_Work to complete_
Where the line containing "小椋会長から感謝状3通を受け" appears below, start there and repeat each line exactly to the end. Leave the pictures out.

_Information provided_
################

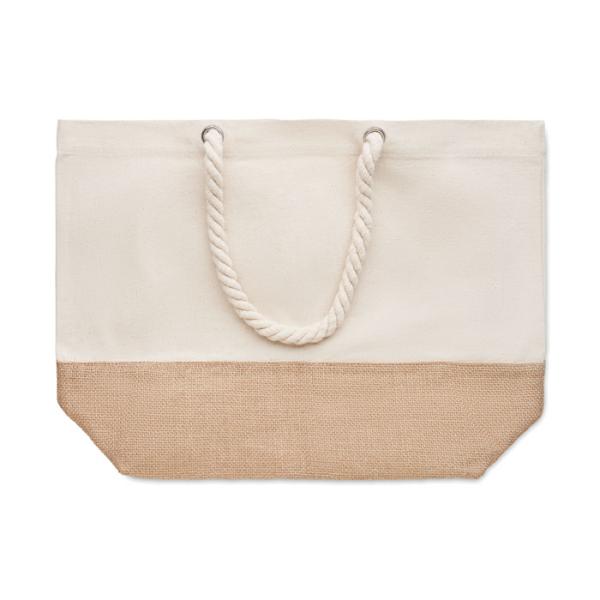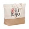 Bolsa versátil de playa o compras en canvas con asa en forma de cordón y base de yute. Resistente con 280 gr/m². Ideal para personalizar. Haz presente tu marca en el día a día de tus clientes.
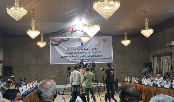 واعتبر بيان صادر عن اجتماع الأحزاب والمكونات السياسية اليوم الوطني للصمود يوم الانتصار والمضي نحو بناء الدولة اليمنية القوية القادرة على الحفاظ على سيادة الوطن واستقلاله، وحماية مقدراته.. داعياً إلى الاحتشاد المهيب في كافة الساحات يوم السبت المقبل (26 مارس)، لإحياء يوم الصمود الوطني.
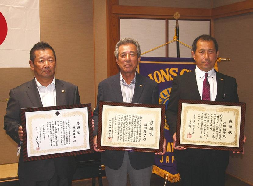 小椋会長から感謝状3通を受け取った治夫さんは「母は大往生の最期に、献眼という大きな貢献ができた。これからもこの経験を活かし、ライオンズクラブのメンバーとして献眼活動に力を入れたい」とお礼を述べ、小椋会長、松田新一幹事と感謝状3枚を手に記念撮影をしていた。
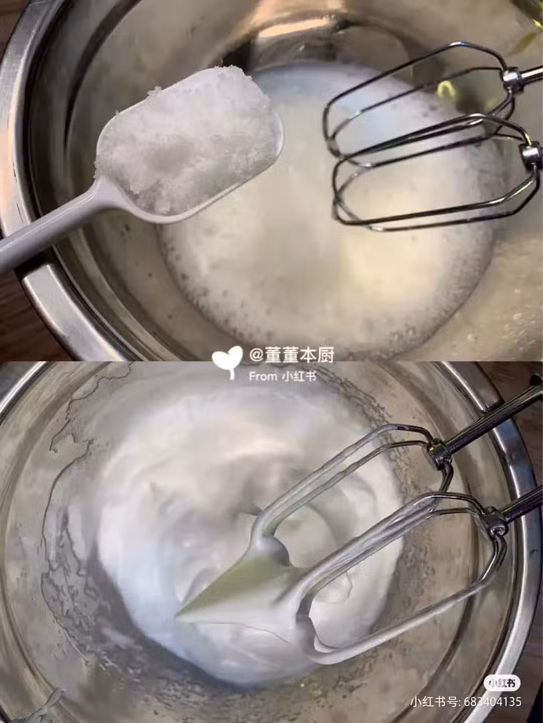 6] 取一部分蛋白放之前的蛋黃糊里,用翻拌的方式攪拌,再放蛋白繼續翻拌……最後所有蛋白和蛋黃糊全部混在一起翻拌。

################

_Solution to this exercise_
 小椋会長から感謝状3通を受け取った治夫さんは「母は大往生の最期に、献眼という大きな貢献ができた。これからもこの経験を活かし、ライオンズクラブのメンバーとして献眼活動に力を入れたい」とお礼を述べ、小椋会長、松田新一幹事と感謝状3枚を手に記念撮影をしていた。
 6] 取一部分蛋白放之前的蛋黃糊里,用翻拌的方式攪拌,再放蛋白繼續翻拌……最後所有蛋白和蛋黃糊全部混在一起翻拌。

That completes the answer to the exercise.